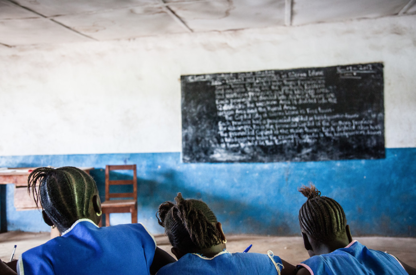Des écolières devant un tableau noir en Sierra Leone. Crédit : William Vest-Lillesoe / IBIS
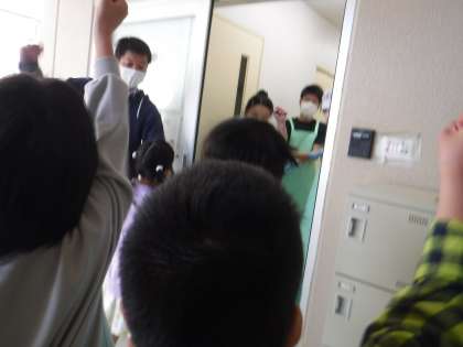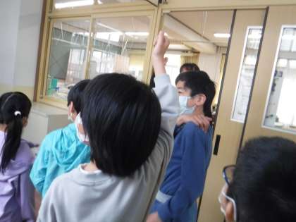 朝の会では,5年生が日直でみんなであいさつをしました。1年生は,お兄さんたちをよく見てお手本にしていました。保健室や給食室にもあいさつに行きました。
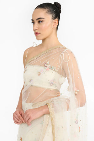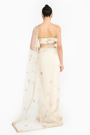 • Embroidered saree paired with tie up spaghetti strap blouse.
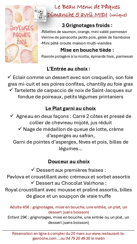 Servi dimanche 5 avril à midi. Menu unique sans changement possible. Réservation en ligne ci-contre avec le choix à noter à la réservation. Merci !

========================================

Your goal:
Your task is to reproduce exactly the lines from the one that holds "朝の会では,5年生が日直でみ" to the last line of the listing, and only those, omitting the pictures.

Solution below:
 朝の会では,5年生が日直でみんなであいさつをしました。1年生は,お兄さんたちをよく見てお手本にしていました。保健室や給食室にもあいさつに行きました。
 • Embroidered saree paired with tie up spaghetti strap blouse.
 Servi dimanche 5 avril à midi. Menu unique sans changement possible. Réservation en ligne ci-contre avec le choix à noter à la réservation. Merci !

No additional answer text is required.